Start of RECORDS TO PROCESS

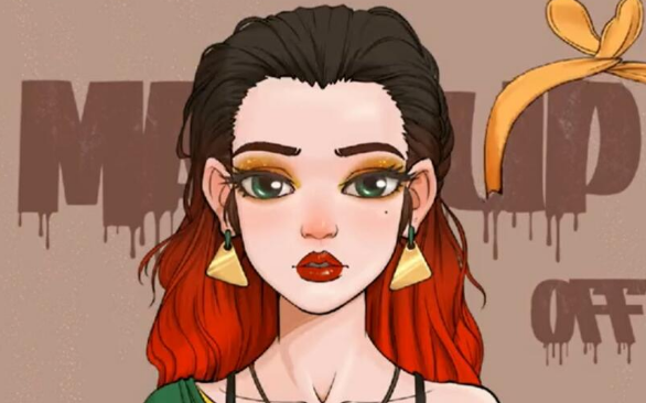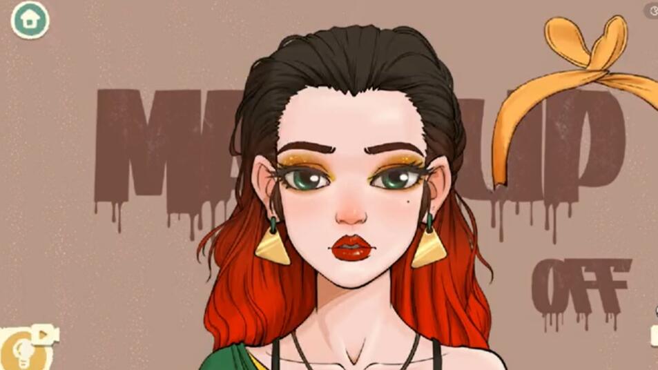 5、最后我们戴假睫毛,涂上腮红和口红,再戴上耳环,取下发带即可过关。
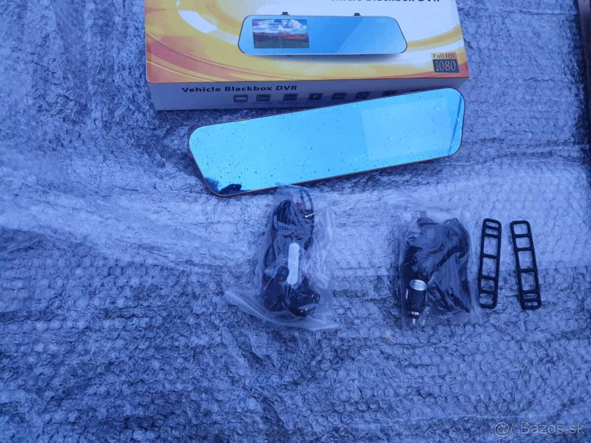 12V predna a zadna cuvacia kamera v spätnom zrkadle s LCD displejom, zrkadlo je vybavené prednou aj zadnou HD kamerou s možnosťou nahrávania záznamu, detekcia pohybu, nabíjačka do auta, kabeláž.
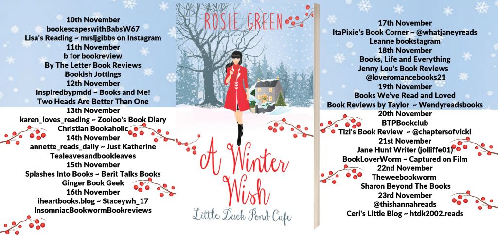 Again I begin with apologies as this tour stop is a day late. But I am happy to say I bring my review of A Winter Wish, Little Duck Pond Café by Rosie Green, to the blog today. Thank you to Rachel’s Random Resources and Rosie Green for my spot on the tour and the ARC of the book.
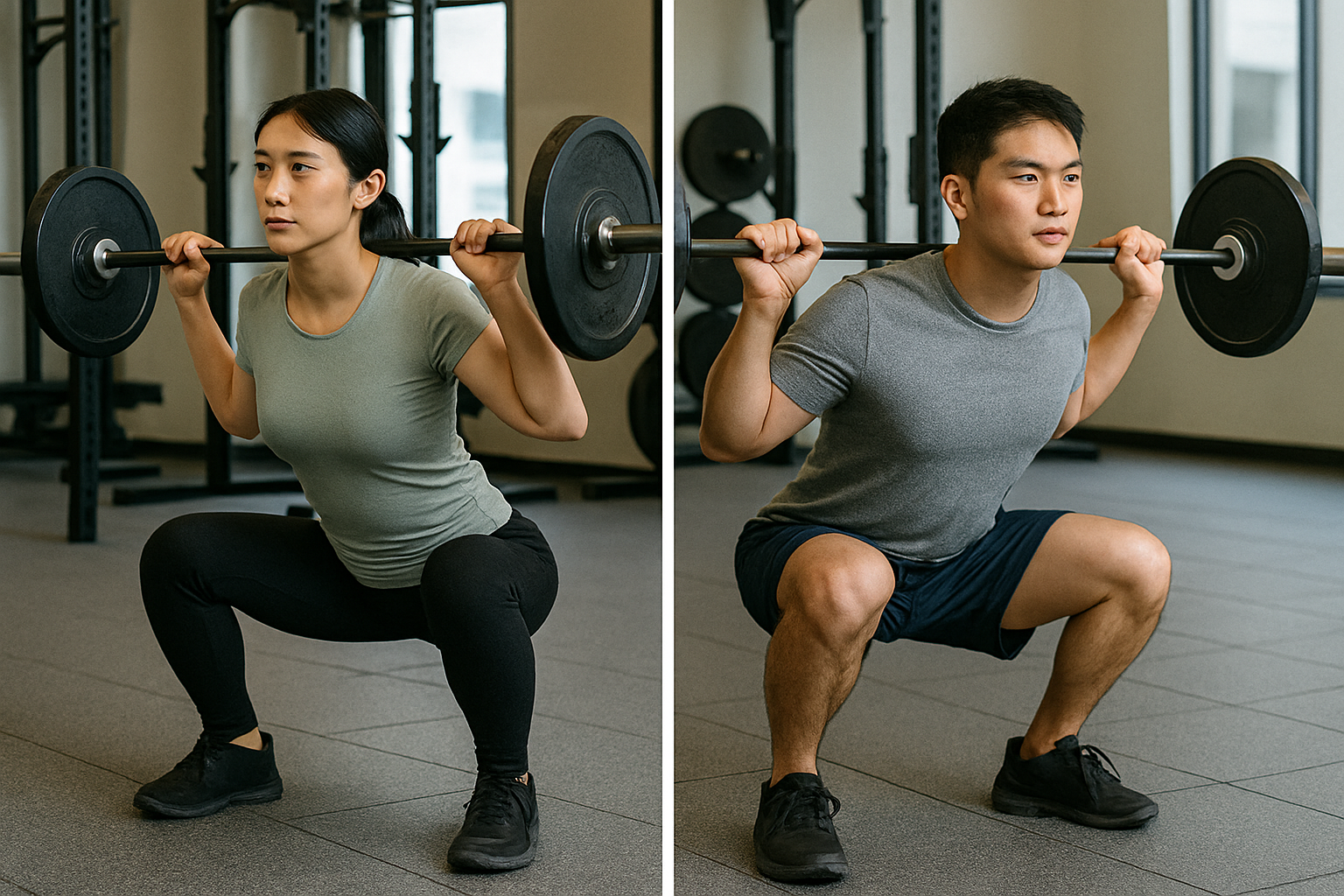 - 시선: 시선은 동작에 따라 자연스럽게 움직이되, 과도하게 숙이거나 들지 않습니다. (예: 스쿼트 시 정면 또는 살짝 아래)
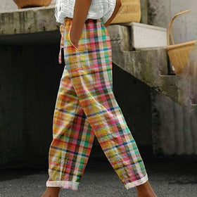 Diese Damenhose im Vintage-Stil vereint klassischen Charme und zeitlose Eleganz. Figurbetonter Schnitt, hohe Taille und weites Bein sorgen für einen schicken Retro-Look. Perfekt für elegante und legere Anlässe.
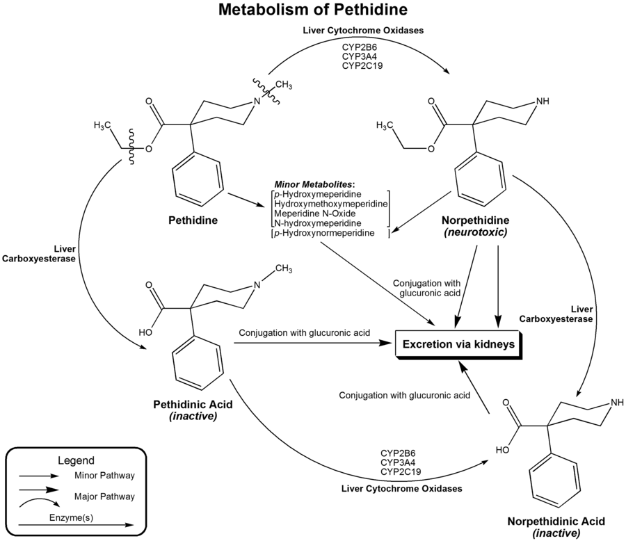 Meperidine is quickly hydrolysed in the liver to pethidinic acid and is also demethylated to norpethidine, which has half the analgesic activity of pethidine but a longer elimination half-life (8–12 hours). Accumulating with regular administration, or in kidney failure. Norpethidine is toxic and has convulsant and hallucinogenic effects.
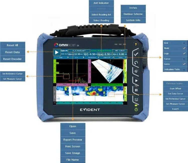 El OmniScan SX otorga una fácil configuración de los parámetros de inspección para escaneos manuales, unilineales o codificados por trama. La adquisición se muestra en tiempo real a través de diferentes vistas y favorece el almacenamiento de datos en una tarjeta SD, dotada de la capacidad de reemplazo en caliente, o en un dispositivo USB 2.0.
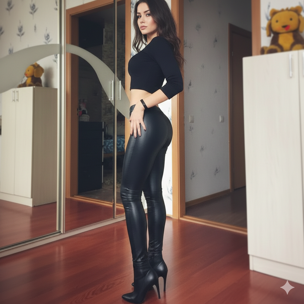 High Waist Faux Leather Leggings Shiny Stretchy Sexy Form Hugging
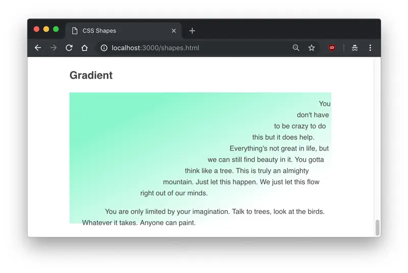 Finally, a gradient can also be used as a shape. Gradients are the same as images, and just like the image example we used above, the text will know to flow around the transparent part.
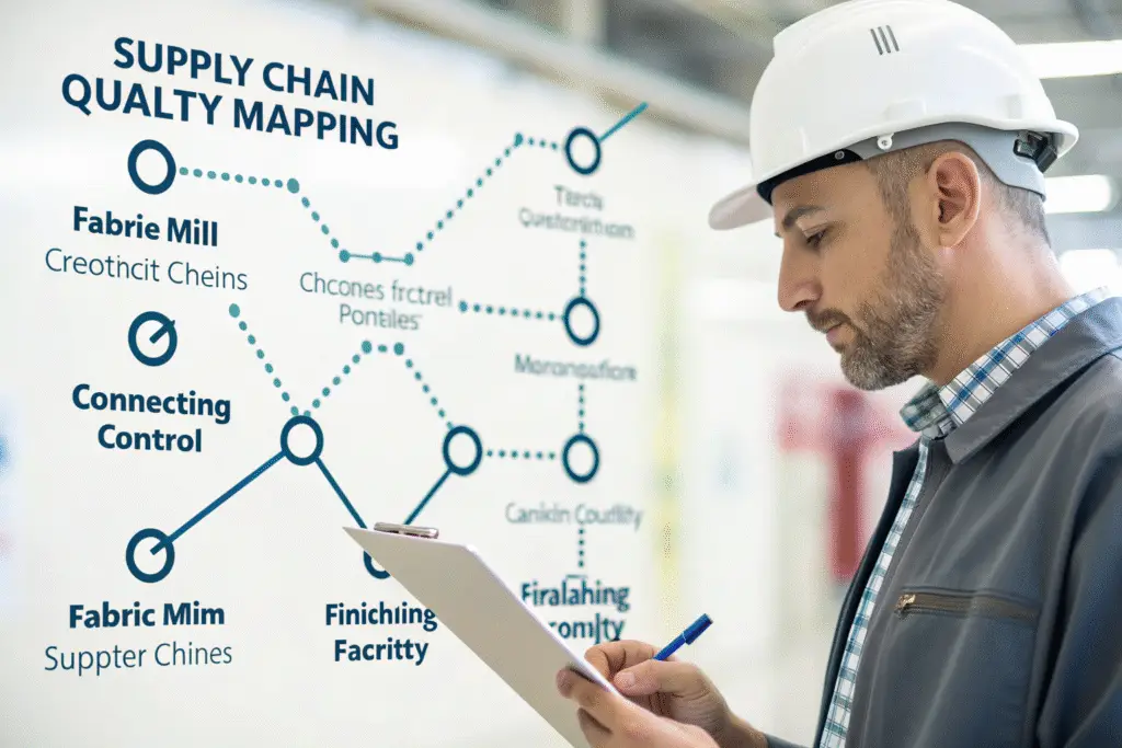 Quality responsibility extends beyond your immediate manufacturer to include fabric mills, trim suppliers, and subcontractors. A weakness at any point in your supply chain can compromise your final product quality.
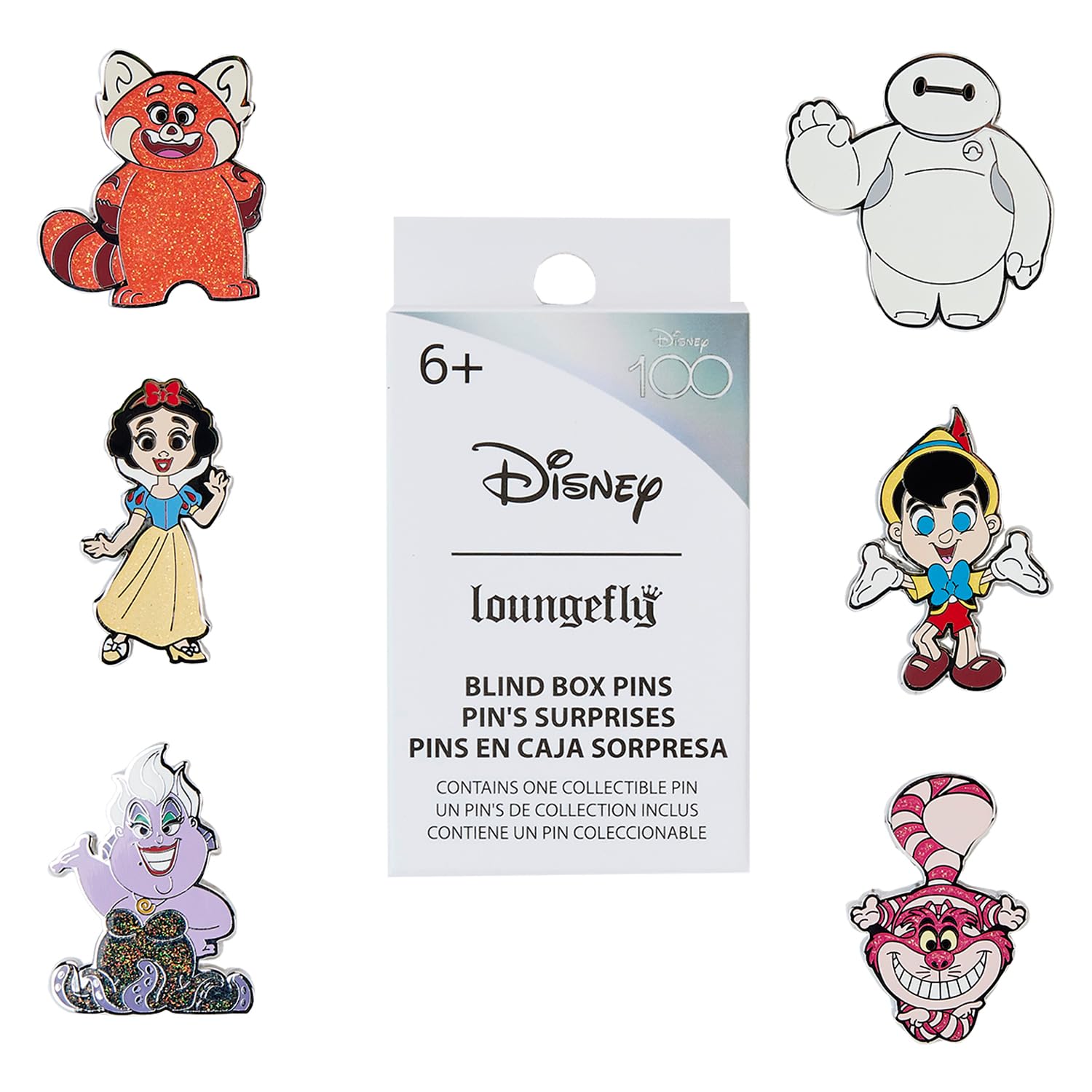 Get ready to party with your favorite friends! The Loungefly Disney100 Anniversary Mystery Box Set brings together beloved characters from the Disney and Disney-Pixar stories we know and love. Featuring exclusive artwork with glitter-filled details, this mystery pin set includes Cheshire Cat, Meilin Lee as a red panda, Snow White, Ursula, and Pinocchio. A creative addition to any pin collection, these enamel pins are perfect for Disney fans looking to keep their favorite characters close. These pins are sold individually and blind. Collect all 6. There is a 1 in 12 chance you will find a glow-in-the-dark chase Baymax variant pin. Pins are shipped at random - receiving a chaser is not guaranteed. Enamel pins are approximately 1.5-inches tall, feature gold/silver colored hardware, and the signature crown debossed pattern on the back. Please note: We cannot accept requests for specific pins. Pin selection is random, as each piece is in blind packaging. You may receive duplicate pins when ordering multiple boxes. Chaser variants are shipped at random. Receiving a chaser with purchase is not guaranteed.
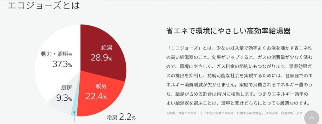 エコジョーズは 排気熱を再利用して効率よくお湯を沸かす仕組みが採用されています。
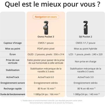 La caméra sport DJI Osmo Pocket 3 est conçue pour s’adapter à toutes les situations de tournage. Son écran tactile rotatif de 2 pouces facilite le passage entre les modes de prise de vue horizontale et verticale, offrant une flexibilité et un contrôle accrus. ActiveTrack 6.0 permet de suivre les sujets avec fluidité, rendant les séquences cinématographiques accessibles d’une seule main. La caméra est également équipée d’options d’enregistrement stéréo et est compatible avec DJI Mic 2 pour une qualité sonore cristalline. Son format compact assure que vous ne manquerez jamais un moment à capturer, tandis que les effets glamour 2.0 et les réglages de beauté personnalisés garantissent que vous serez toujours sous votre meilleur jour.
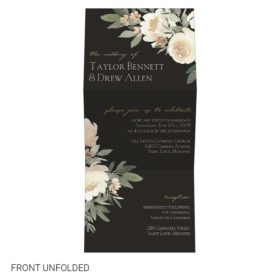 Our Bold Blooms Vertical Trifold Wedding Invitation offers a beautiful, floral design perfect for sharing every detail of your special day. With three elegant panels, this folded wedding invitation unfolds to reveal your wedding information in a sleek and organized format. The front features cream blooms with greenery accents. It can be customized in any background color with the fonts and wording of your choice.
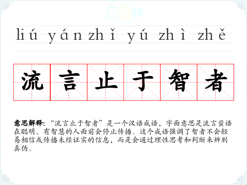 “流言止于智者”是一个汉语成语,字面意思是流言蜚语在聪明、有智慧的人面前会停止传播。这个成语强调了智者不会轻易相信或传播未经证实的信息,而是会通过理性思考和判断来辨别真伪。
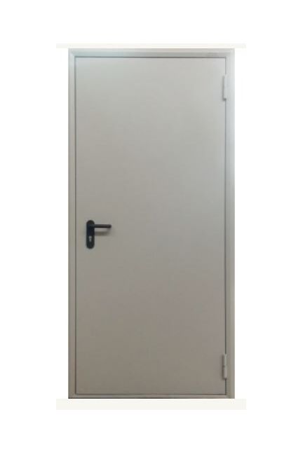1. Противостояние огню и дыму 60 минут EIS60; 2. Полотно дверное, торцевая/угловая коробка, 1,0/1,5 мм 3. Замок врезной противопожарный 4. Ручки черного цвета с огнестойким покрытием нажимного действия 5. Уплотнитель от холодного дыма 6. Термоактивный уплотнитель 7. Наполнение – огнестойкая минеральная плита Противопожарная дверь EI60, сталь, размер 980×2080 мм, до 60 мин. защиты, комплект фурнитуры, светло-серое покрытие, установка внутри и снаружи.
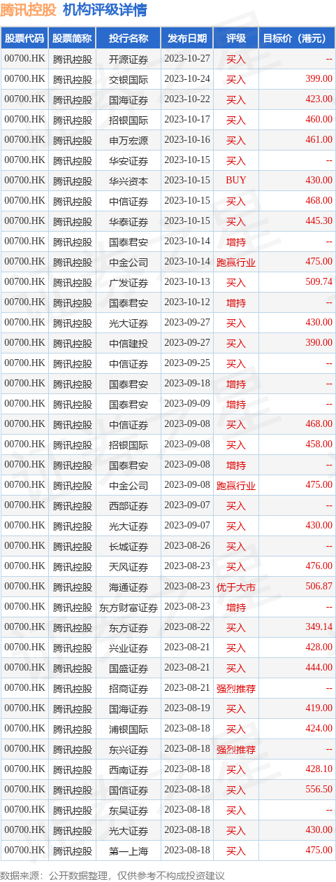 截至2023年11月15日收盘,腾讯控股(00700.HK)报收于322.6港元,上涨4.81%,换手率0.34%,成交量3245.47万股,成交额103.51亿港元。投行对该股的评级以买入为主,近90天内共有28家投行给出买入评级,近90天的目标均价为448.41港元。开源证券最新一份研报给予腾讯控股买入评级。
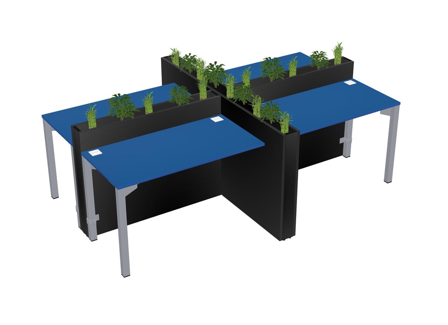 Prism Blue Rectangular Shared Office Desk For 4 Persons Let Nature Help Flourish Your Productivity The Base Comes With An Adjustable Shelf To Provide Space For Pots (Pots & Plants Sold Separately)
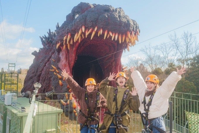 今回開催する春のジップラインキャンペーン「春のペアジップライン ~ゴジラを監視!記録写真をUPせよ!~」では、通常は1名ずつのスタートとなっている「体内監視」コースにて、期間中の11:00~17:00で2名一緒にスタートすることができるようになります。「体内監視コース」は、全長約120mの実物大ゴジラの口から体内に侵入することができるスリル満点のジップラインコースです。

End of RECORDS TO PROCESS

Copy out, without any pictures, the lines of the records above from the one containing "Prism Blue Rectangular" through the final line, both ends included.

 Prism Blue Rectangular Shared Office Desk For 4 Persons Let Nature Help Flourish Your Productivity The Base Comes With An Adjustable Shelf To Provide Space For Pots (Pots & Plants Sold Separately)
 今回開催する春のジップラインキャンペーン「春のペアジップライン ~ゴジラを監視!記録写真をUPせよ!~」では、通常は1名ずつのスタートとなっている「体内監視」コースにて、期間中の11:00~17:00で2名一緒にスタートすることができるようになります。「体内監視コース」は、全長約120mの実物大ゴジラの口から体内に侵入することができるスリル満点のジップラインコースです。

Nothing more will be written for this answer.